Earlier this week, as temperatures dropped below freezing throughout Portland, more than 600 unhoused people stayed warm, safe and sheltered thanks to the city of Portland and Preble Street. As the two largest emergency shelter providers in Maine, we are committed to this critical work and proud to do it alongside one another.
However, at a time when our shelters are needed more than ever, we are gravely concerned about a proposed change in the state of Maine’s General Assistance (GA) program that would significantly erode our ability to provide these life-saving services. Specifically, Rule #26, proposed by Maine’s Department of Health and Human Services, would slash reimbursement of local emergency shelter expenses and weaken Maine’s emergency shelter network, endangering vital social services and putting vulnerable people at risk.

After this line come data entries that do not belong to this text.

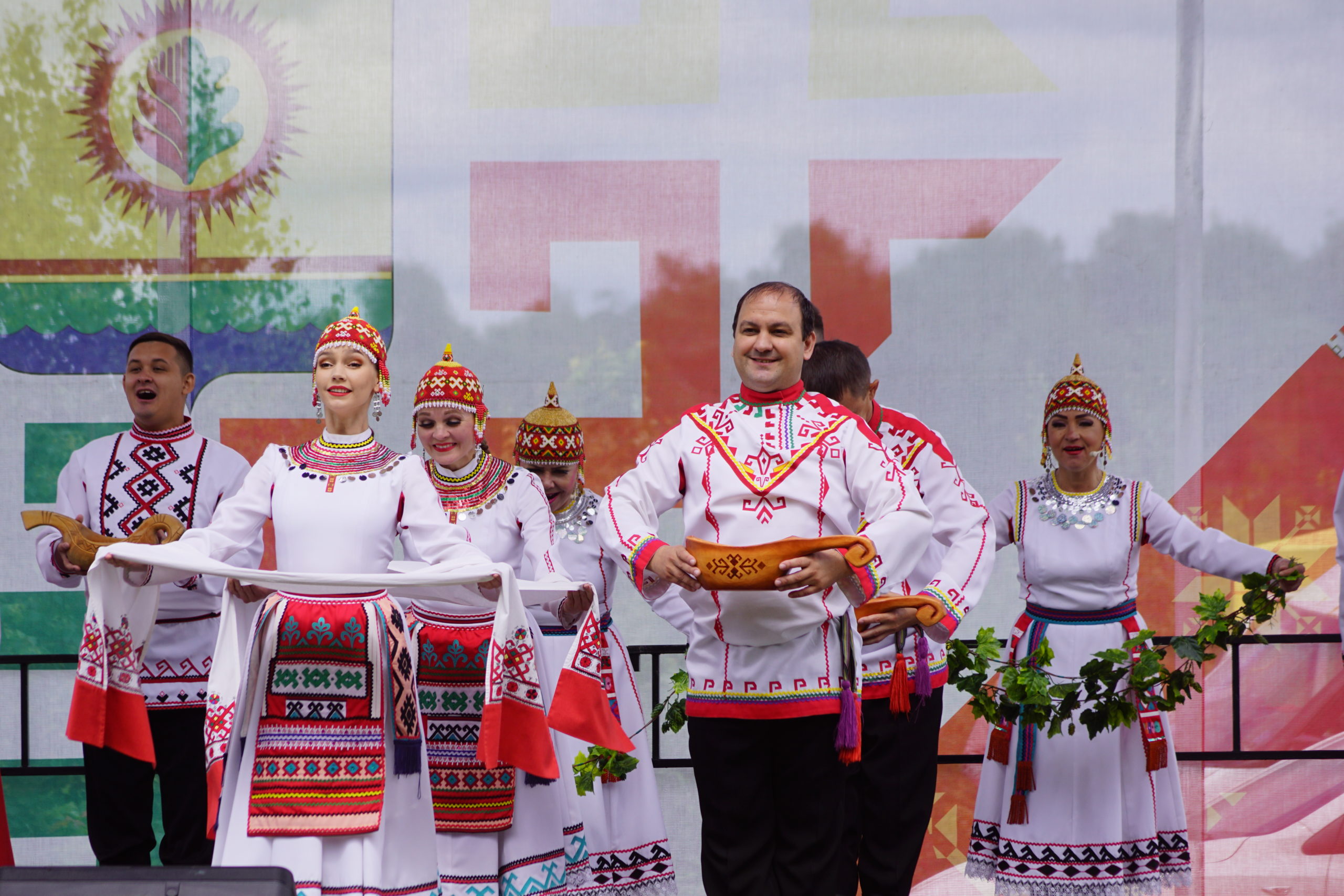 Творческая программа началась с хореографической композиции в исполнении государственного академического ансамбля песни и танца им. Васильева. Гостей угостили караваем и традиционным чувашским напитком. Затем участники ансамбля завели общий хоровод, в который были вовлечены творческие коллективы округа, почетные гости и все желающие.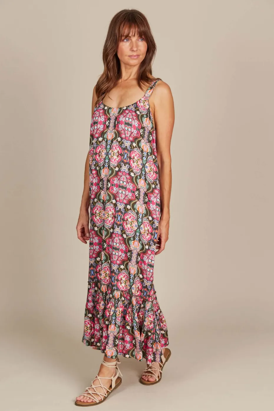Isle of Mine Esme Tank Dress in Olive Fleuron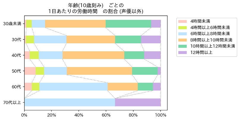 (図3:声優を除くアニメ業界従事者の年代ごと1日あたりの労働時間の分布)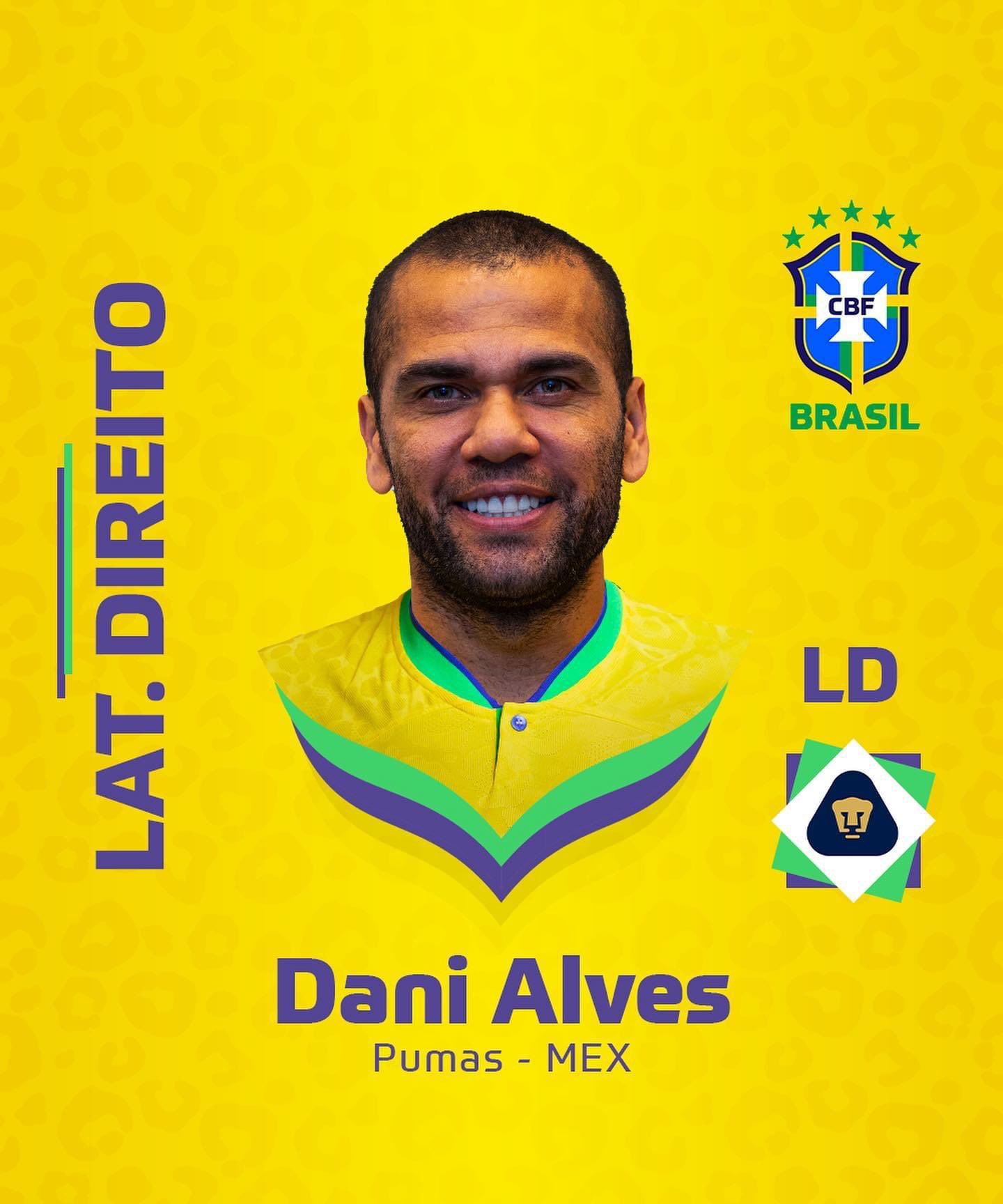 Ciudad de México.- El mal momento de los Pumas de la UNAM no influyó en las aspiraciones mundialistas del lateral brasileño, Dani Alves, quien forma parte de la lista de 26 convocados que dio Brasil para el Mundial de Qatar.

Rule #26, which had a public hearing last week, falsely equates the cost of operating an emergency shelter with the operating expenses of a zero-bedroom efficiency apartment. As you can imagine, these are vastly different facilities with very different expenses. An emergency shelter costs far more to run, due to the lease of a facility, all-inclusive utilities, contractual services, facility maintenance, janitorial supplies and laundry services for bedding. These costs are in addition to the salaries for professional staff who help people in shelters achieve stability and move forward in their lives.

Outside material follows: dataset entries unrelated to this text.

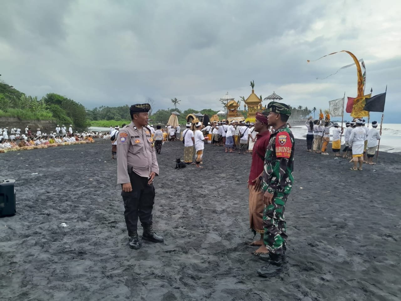 Kebersamaan itupun kembali tampak saat Serka Gede dan Bhabinkamtibmas begitu solid bersama para pecalang Banjar Adat Tegal Besar melaksanakan pengawalan dan pengamanan berlangsungnya upacara keagamaan Melasti Ida Sesuhunan Pura Segara Merta Sari Tegal Besar di Pantai Tegal Besar Desa Negari, Kecamatan Banjarangkan, Kabupaten Klungkung, Senin ( 03/11/25 ).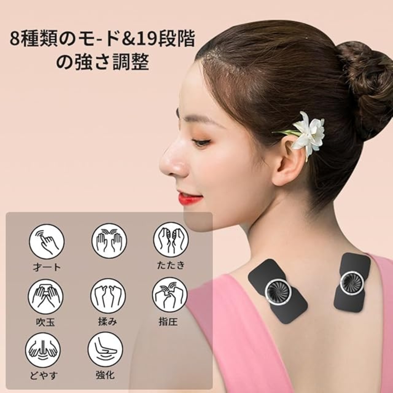 「快適なデザイン」:薄い生地・軽量設計だからどんな体系にもフィット。貼り付けるだけで手軽に筋肉を縮めたり、緩めたりします。足、腕や腰などに多部位対応できます。狙った部位にしっかり貼れて、引き締めに大切な内在筋・外在筋へ的確にアプローチします。<br>「8種類モード&19段階強度」:モード及び電流強度が液晶リモコンに表示されて操作が簡単です。モードが8種類/強度19段階の調整が可能です。モードや強度が組み合わせて軽快なポリリズムの刺激を与え、強力かつ弾力性の刺激で深層の筋力を増加させる。使用者はお好みのモードを選んでお使いいただけます。<br>「充電ボックス・リモコンで操作簡単」:充電ボックスデザインで、充電も収納もできます。充電ボックスに置くだけですぐ充電でき、充電忘れによる電量不足の心配はありません。さらに、背面には三つのボタンがついていて、これはリモコンでもあります。リモコン操作できるので届きにくい箇所に貼っても使いやすくて便利。<br>「コンパクト・幅広く使える」:小型で軽量な設計で、服のポケットや鞄などに入れるサイズで持ち運びに便利です。また、使用中は動作音が非常に静かで、日常生活に、家事や勉強、テレビを見ながら、出張や旅行、通勤などの移動中にも使用できます。時間や場所を選ばず、いつでもどこでもトレーニングを行えます。<br>「品質保証&パッケージ内容」:ご購入日より1年間の保証をいたします、商品に問題があった場合は、販売店までご連絡いただきますと、迅速に対応させていただきます。パッケージ内容:本体×1、パッチ×10、USBケーブル×1、日本語取り扱い説明書×1
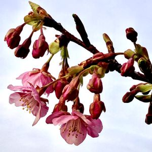 いつもご覧頂きどうもありがとうございます❣ うちの河津桜🌸ようやく咲き出しましたꔛᰔᩚ🙌💕 早くから蕾が膨らんで楽しみにしていましたが、雪⛄降ったりでようやくてす。でも昨年は3月1日とGSにアップしていたので今年の方がずっと早いです〜🌸😊 💜2枚目のツルニチニチソウも早くも咲いて·͜·♡ 💛折れたカランコエの挿し木もやっと咲いてきました⸜(*ˊᗜˋ*)⸝♡ᐝ 🩷夏の花のペチュニアも門扉で頑張って咲いています💪 お花から喜びや優しさ強さ明るさ… たくさんの癒しを貰っています🤗💖✨🎶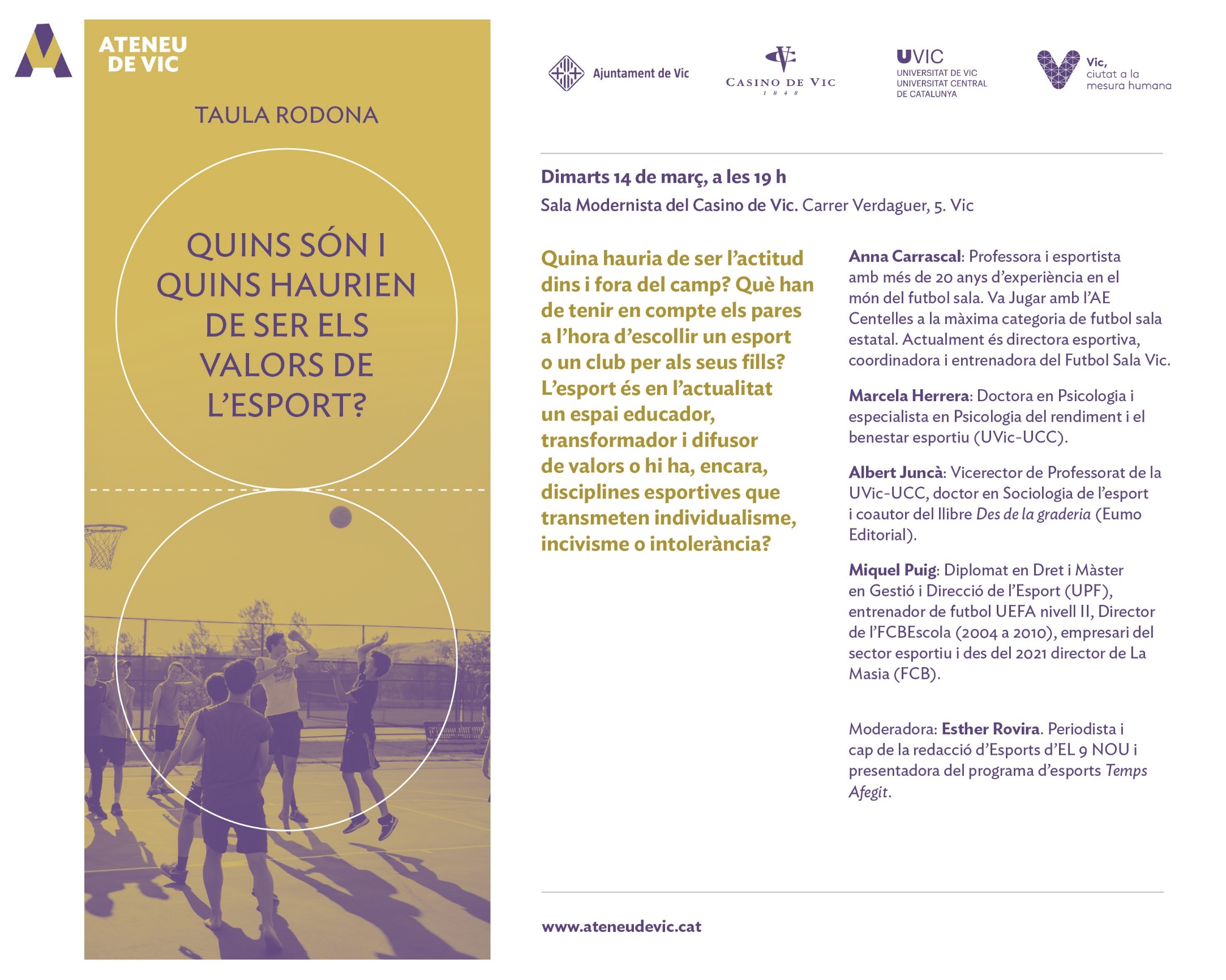Quina hauria de ser l’actitud dins i fora del camp? Què han de tenir en compte els pares a l’hora d’escollir un esport o un Club per als seus fills? L’esport és en l’actualitat un espai educador, transformador i difusor de valors? En una societat...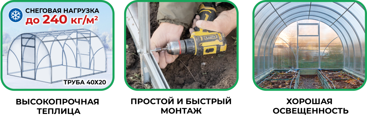 ✅Выбор прочности. Прочность каркаса зависит от количества дуг. Есть возможность ухаживать за теплицей зимой? Тогда выбирайте расстояние между дугами 1 метр. Такая конструкция обойдется дешевле и выдерживает 180 кг/м2. Если расстояние между дугами будет 67см, снеговая нагрузка на каркас вырастет до 240 кг/м2. В любой комплектации дуги сделаны из прочной оцинкованной трубы 40х20 мм.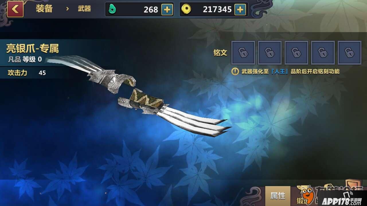 暗器目前只有两种,分别是银针和雨伞,银针的连击和伤害都没有雨伞的高,所以在暗器方面,推荐选择雨伞,其余属性可以在游戏,装备,暗器查看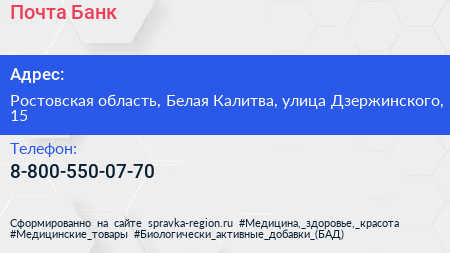 Почта Банк по адресу Ростовская область, Белая Калитва, улица Дзержинского, 15 в дальнейшем Организация, размещена в следующих категориях: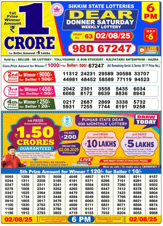 RESULT DEAR DONNER SATURDAY WEEKLY LOTTERY 02.08.2025 Leave a Comment on RESULT DEAR DONNER SATURDAY WEEKLY LOTTERY 02.08.2025 Share: XFacebookPinterestRedditVKDiggLinkedinMix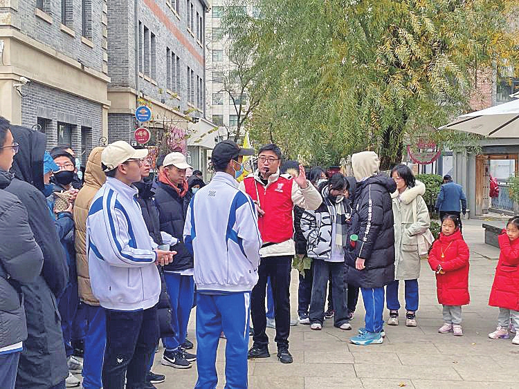 本报讯(记者刘烨)近日,泉城导游义工联合大观园街道万紫巷社区为省实验中学学生开展商埠文化研学活动。 泉城导游义工结合商埠文化资源、老建筑分布等要素为学生们设计了一条商埠文化研学路线,依次游览瑞蚨祥绸布店、亨得利、张采丞故居、皇宫照相馆以及中山公园等商埠文化场所。泉城导游义工王玉结合历史典故、现存建筑、街巷故事进行了细致地讲解。天气严寒,抵挡不住学生们的参与热情,大家对商埠文化历史、历史上的街巷设计等问题向王老师询问,王老师用诙谐幽默的话语、丰富专业的历史知识为学生们进行了解答。 市文旅局市场管理处负责人介绍,泉城导游义工打破壁垒,协调资源,从景区到社区到学校,不遗余力宣传济南文旅资源,向广大市民游客展示文化济南、文明济南的旅游形象。下一步,泉城导游义工要广泛寻找城市文化脉络,打造更多精品公益研学路线,助力济南文旅行业高质量发展。

If approved, Rule #26 would cause a substantial loss in anticipated shelter revenue and exacerbate the financial challenges of emergency shelter providers throughout the state. The city of Portland alone would lose $4.4 million in reimbursement annually, threatening the availability of shelter and undermining the city’s recent shelter expansion, which ensures dozens of people can sleep indoors instead of on sidewalks and in doorways each night.
Unsheltered homelessness and the growth of tent encampments in Maine started with former Governor Paul LePage’s 2014 attack on the safety net system for poor and homeless Mainers. That year, LePage shifted more of the financial burden of General Assistance implementation onto cities and towns by reducing state reimbursement from 90% to 70%. Before this GA policy change, Maine was proud to be among the states with the least number of unsheltered individuals in the nation, and seeing someone sleep outside in Portland was rare.
We are acutely aware of the high cost of addressing homelessness and the financial burden of Maine’s GA mandate on the state, local municipalities and nonprofit organizations. However, to withdraw support for emergency shelters to such a degree, with no meaningful warning and no legislative review, would not only conflict with state statute, but would jeopardize our and others’ ability to serve Mainers who have nowhere else to turn.
The city of Portland and Preble Street have been longtime, dedicated partners in serving Mainers experiencing homelessness and remain committed to these services. Together, we each operate three emergency shelters within city limits and, collectively, have the capacity to shelter more than 600 people each night, providing nearly 243,000 bed nights each year.
To ensure that the city of Portland and Preble Street can continue to keep 600 unhoused people warm and sheltered each night, we urge Maine’s Department of Health and Human Services to either reject Rule #26 outright or, in acknowledgement of its substantial financial impact, seek the Legislature’s review and approval as part of the major substantive rule-making process.
GA changes need to support shelters, not harm them. The impacts of Rule #26 would be detrimental to shelter providers in Maine at a time when unsheltered homelessness is a statewide crisis.